\( \left. \begin{array} { l } { 7 ^ { \frac { 1 } { 3 } } * 7 ^ { \frac { 1 } { n } } = 49 ^ { \frac { 1 } { 7 } } } \\ { = \frac { 4 ^ { \frac { 1 } { 3 } } } { 20 ^ { 1 / 3 } } = 5 ^ { 1 / 3 } } \\ { \Rightarrow a ^ { m } + a ^ { n } = a ^ { m + n } } \\ { \Rightarrow a ^ { m } + a ^ { n } = a ^ { m \cdot n } } \end{array} \right. \)
Upstudy AI Solution
Answer
Solution

Sign in to Unlock Answers for Free!
A Learning Platform Trusted by Millions of Real Students and Teachers.
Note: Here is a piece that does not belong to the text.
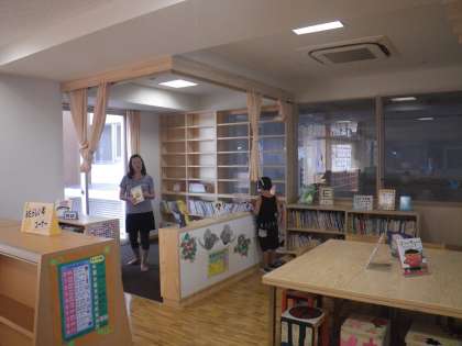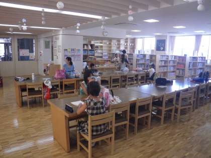 京西アカデミー 読み聞かせの時は図書室に来る子どもたちが多いようです。普段よりたくさんの子どもたちが図書室で本に向き合っています。

Answered by UpStudy AI and reviewed by a Professional Tutor
Beyond the Answer
Let's dive into the world of exponents! Did you know that the rules of exponents can be visualized as a fun game of combining powers? When you multiply bases, like \(7^{\frac{1}{3}}\) and \(7^{\frac{1}{n}}\), you're essentially stacking, which leads to \(7^{(\frac{1}{3} + \frac{1}{n})}\). This magic works because multiplying the same base allows you to add the exponents. Just remember, \(a^m \times a^n = a^{m+n}\)! Now, if you're looking to master exponents, a great real-world application is in finance! Compound interest formulas use exponents to predict how money grows over time. For example, if you invest money that compounds annually, the formula \(A = P(1 + r)^t\) uses exponents to show how your investment \(P\) increases at rate \(r\) over time \(t\). This can help you strategize your investments and grow your wealth!